En el caso de una baja paternal para un acogimiento el empleado tiene derecho a 13 días ininterrumpidos, con posibilidad de ampliar en 2 días por cada hijo, a partir del segundo. Además será un permiso de 20 días en el caso de que el acogimiento se haga en una familia numerosa, cuando la familia se vuelva numerosa por ese acogimiento o cuando el menor posea una discapacidad.

Además de esto, existe la posibilidad -explícita en la guía citada anteriormente- de pedir una excedencia por “cuidado de hijos o menores acogidos”. La excedencia es “el permiso a que tiene derecho el/la trabajador/a durante un período de tiempo pero sin derecho a seguir recibiendo el salario que venía cobrando”. El permiso puede ser de un máximo de 3 años y se puede coger desde el momento en que se tenga la resolución del acogimiento.

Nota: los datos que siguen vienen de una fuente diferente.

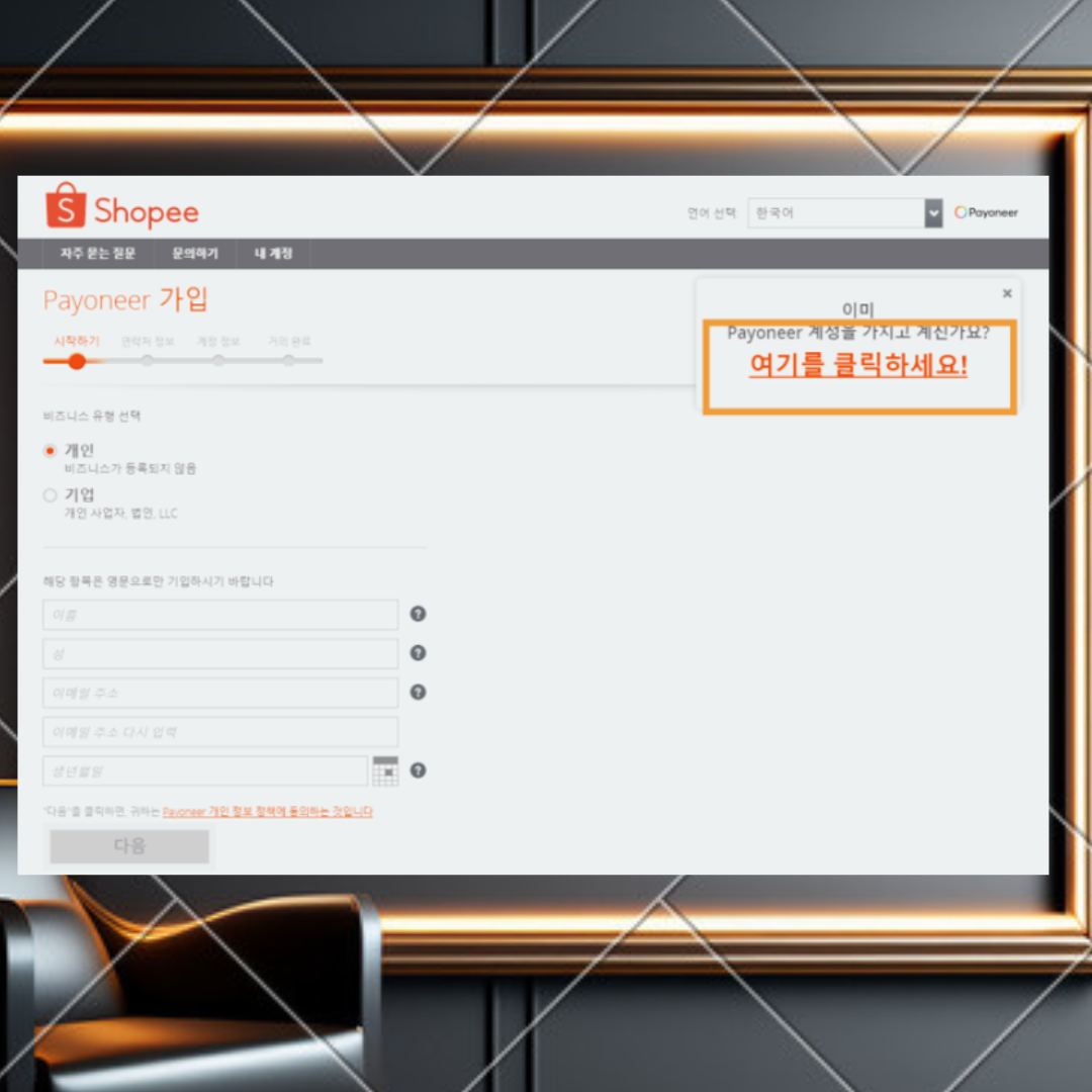 가입은 페이오니아 Payoneer에서 할 수 있습니다. 가입 절차는 간편해서 패스하고, 쇼피 코리아로 가보겠습니다.
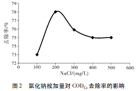2. 3 氯化鈉投加量對CODCr去除率的影響

Como ya se explicó en una entrada anterior el acogimiento puede ser de diversa índole, y tener una duración imprecisa. Sin embargo, el acogimiento sí que puede terminarse, según el Gobierno de Navarra por distintos motivos como

-1. El retorno con su familia biológica, -2. Si el menor no consigue adaptarse al entorno de la familia, o viceversa, y se busca una solución más acertada y -3. Cuando el menor de edad cumple 18 años.

De aquí, se derivan otras dos preguntas

Una vez termina el acogimiento, ¿se puede tener relación con el niño o niña acogido?

Todo depende de las circunstancias. Si el acogimiento acaba porque el pequeño vuelve con su familia biológica, todo depende de esta. En el caso de que se finalice por la inexistencia de sintonía entre el menor y la familia, es improbable que haya contacto entre ambos posteriormente. Si se da el punto 3, el profesor Nanclares responde que “como es natural, dejan de ser niños. Adquieren plena capacidad de obrar para todos los actos de la vida civil. Esto significa que se extingue el acogimiento (artículo 173. 4 letra d/). Sus padres seguirán siéndolo quienes lo sean y del mismo modo que un menor no sometido a acogimiento se libera de la patria potestad de sus padre o de la tutela ordinaria (de sus tíos, por ejemplo, al haber muerto ambos padres) al cumplir los 18 años, los menores sometidos a acogimiento se verán libres de la guarda administrativa”. Es decir, la decisión de mantener el contacto o no con quienes hayan sido sus padres de acogida, es suya.

La situación de acogimiento es delicada y siempre surgen dudas, tanto para quienes plantearse ser familia acogedora, como para quienes sienten interés por el tema y se ponen a reflexionar sobre él. Aquí dejamos algunas de las preguntas que se nos plantearon a raíz de profundizar en el tema.

¿Qué preguntas os surgen a vosotros sobre acogimiento?